The court was unanimous in almost half its cases, showing that ideology doesn’t always, or even usually, dictate the outcome. The court was of one mind in backing shareholders in two other securities fraud cases, in ruling that automakers could be sued for not moving more quickly to equip back seats with shoulder straps, and in saying companies can’t challenge the release of government documents on corporate privacy grounds.
“There’s no doubt that politics and ideology matter, that justices are behaving in some of the landmark cases as one would expect them to, but one should not overlook the other cases where there’s unanimity or near-unanimity,” Howard said.

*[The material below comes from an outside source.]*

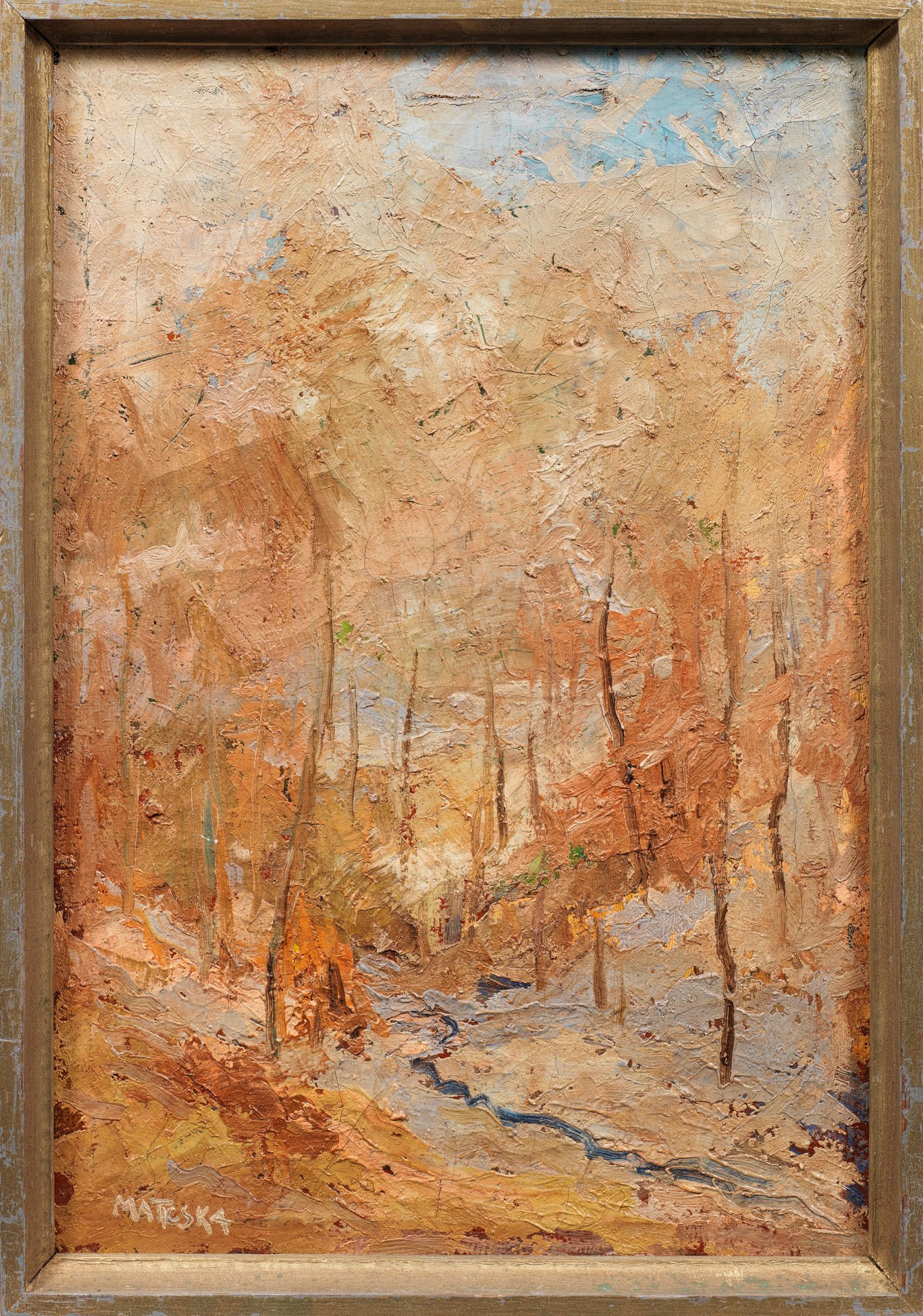 In pastelltonigem, erdigem Kolorit gemalte Landschaftsimpression mit kleinem Bachlauf, bei der Maticska die winterliche Stimmung in atmosphärischem Lichtspiel einfängt. Schon sehr früh erkannte Béla Iványi Grünwald das außergewöhnliche Talent Maticskas, der Schüler von Simon Hollósy war und 1902 - 1905 an der Kunstschule von Nagybánya lernte, weshalb Grünwald ihn 1904 zu Studienzwecken mit nach Rom nahm. Das nicht sehr umfangreiche Oeuvre des sehr jung verstorbenen Künstlers reicht von Bildnissen und Landschaften bis zu einigen wenigen Stillleben. Öl/Lwd.; L. u. sign. Craquelée. Ca. 55 cm x 38 cm. Rahmen.

Even so, the court’s consensus at times masked underlying divisions, as when the justices voted 8-0 to reject a bid by six states to force utilities to cut their greenhouse-gas emissions. In the same case, the court divided 4-4 on perhaps a more fundamental question, centering on the power of federal courts to consider suits over climate change.
Similarly, the justices divided in their reasoning even as they ruled unanimously that former Attorney General John Ashcroft can’t be sued by a man detained without charge for 16 days. The five Republican appointees went further and said the man’s constitutional rights weren’t violated, at least by Ashcroft.
The divide is the product of the political battles over the Supreme Court, dating back to President Ronald Reagan’s efforts to mold the court and his failed 1987 nomination of Robert Bork to it, Howard says. Greater scrutiny of prospective nominees has reduced the chances that a justice will defy a president’s expectations.
“I don’t think we’re going to get surprises anymore,” Howard said. “I don’t think we’ll see Souters and Blackmuns and Stevenses on the court,” he said, referring to the late Justice Harry Blackmun, the Richard Nixon appointee who wrote the landmark 1973 Roe v. Wade abortion rights decision.
While politics on the Supreme Court may bear little resemblance to the world of campaign fundraising and negative advertisements, the justices run the risk of being perceived as an extension of the elected branches of the government, Perry said.
“That’s what I worry about,” she said. “That the court would be sullied by the partisan splits in our electoral politics.”